Here are some statements I think to be true (please correct me if I'm wrong):
the DOM is a collection of interfaces specified by W3C.
when parsing HTML source code, the browser creates a DOM tree which has nodes that implement DOM interfaces.
the ECMAScript spec has no reference of browser host objects (DOM, BOM, HTML5 APIs etc.).
how the DOM is actually implemented depends on browser internals and is probably different among most of them.
modern JS interpreters use JIT to improve the code performance and translate it to bytecode
I am curious about what happens behind the scenes when I call document.getElementById('foo'). Does the call get delegated to browser native code by the interpreter or does the browser have JS implementations of all host objects? Do you know about any optimizations they do in regard to this?
I read this overview of browser internals but it didn't mention anything about this. I will look through the Chrome and FF source when I have time, but I thought about asking here first. :)
All of your bullet points are correct, except:
modern JS interpreters use JIT to improve the code performance and translate it to bytecode
should be "...and translate it to native code". SpiderMonkey (the JS engine in Firefox) worked as a bytecode interpreter for a long time before the current JS speed arms race.
On Mozilla's JS-to-DOM bridge:
The host objects are typically implemented in C++, though there is an experiment underway to implement DOM in JS. So when a web page calls document.getElementById('foo'), the actual work of retrieving the element by its ID is done in a C++ method, as hsivonen noted.
The specific way the underlying C++ implementation gets called depends on the API and also changed over time (note that I'm not involved in the development, so might be wrong about some details, here's a blog post by jst, who was actually involved in creating much of this code):
At the lowest level every JS engine provides APIs to define host objects.
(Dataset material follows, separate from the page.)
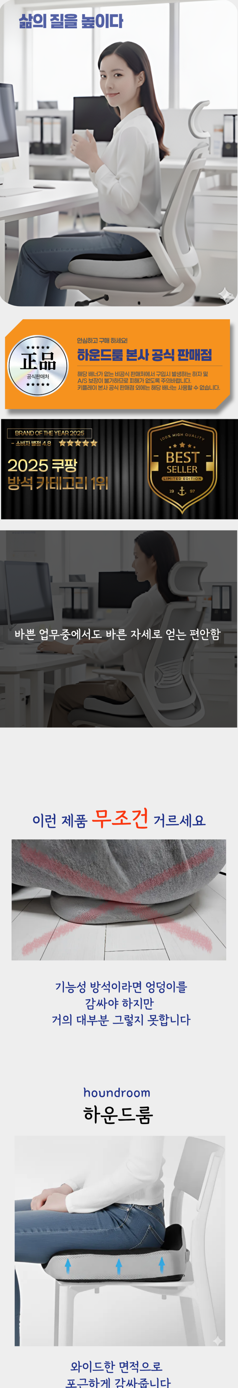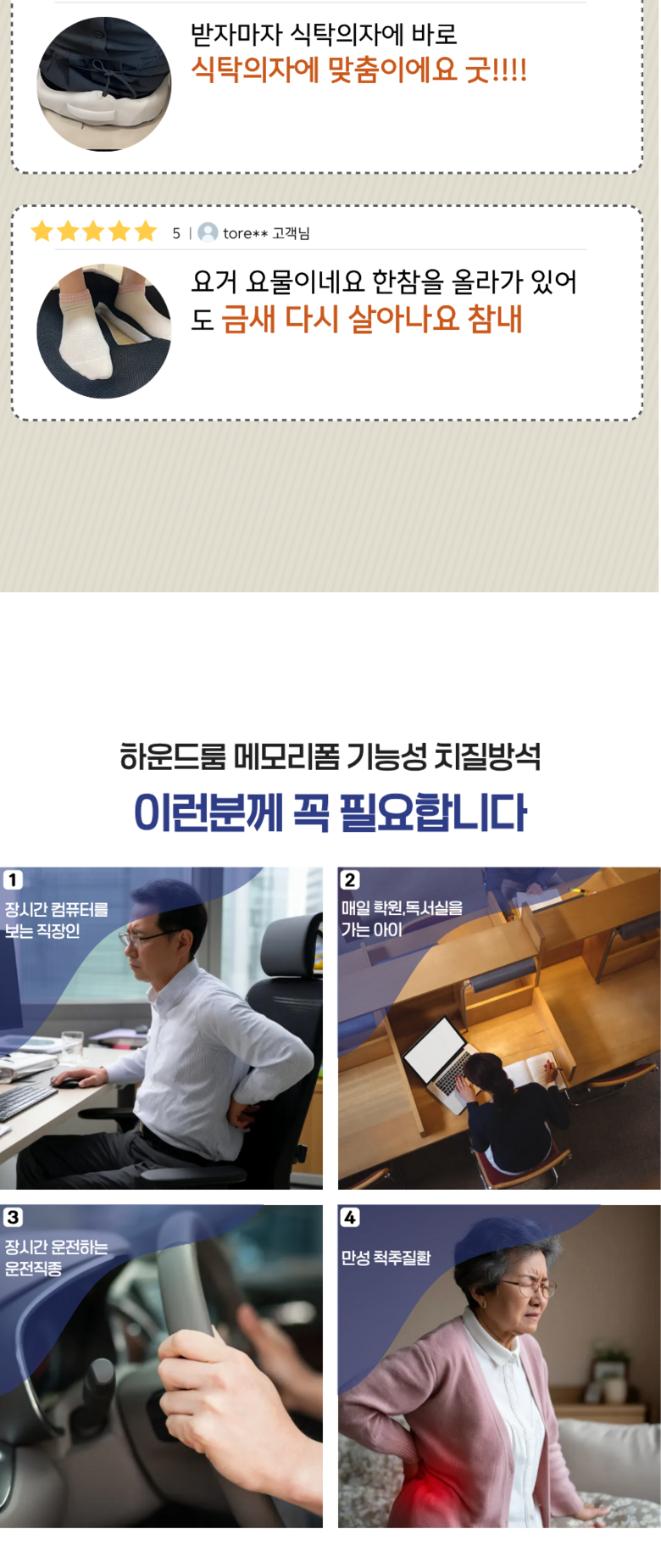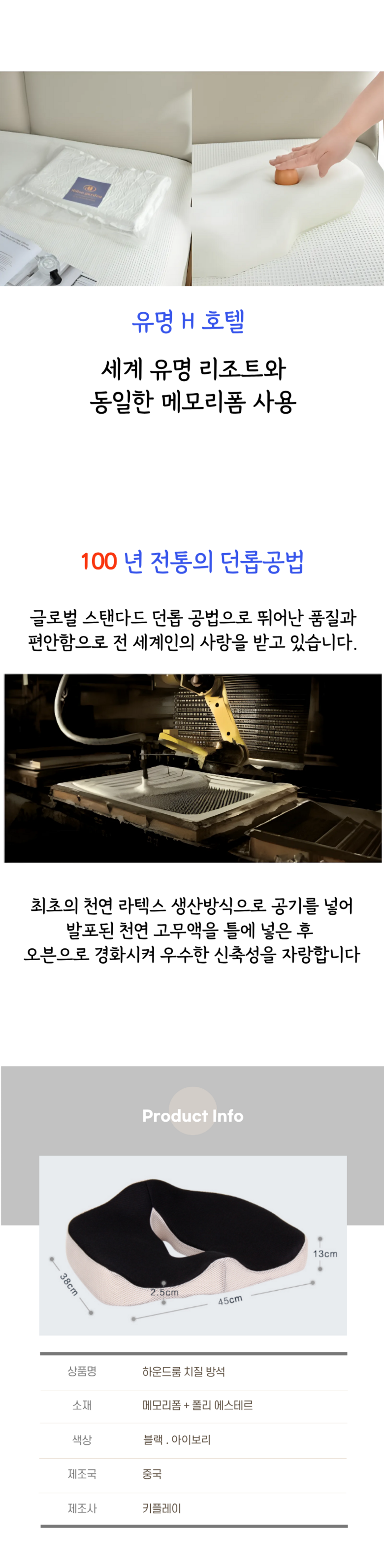 | 품명 및 모델명 | 하운드룸 자세교정 임산부 메모리폼 치질 방석 | 인증/허가 사항 | 해당사항 없음 |

For example, the browser can call JS_DefineFunctions (as demonstrated in the SpiderMonkey User Guide) to let the engine know that whenever script calls a function with the specified name, a provided C callback should be called. Same for other aspects of the host objects (e.g. enumeration, property getters/setters, etc.)
For the core ECMAScript functionality and in some tricky DOM cases the JS engine/the browser uses these APIs directly to define host objects and their behaviors, but it requires a lot of common boilerplate code for e.g. checking parameter types, converting them to the appropriate C++ types, error handling etc.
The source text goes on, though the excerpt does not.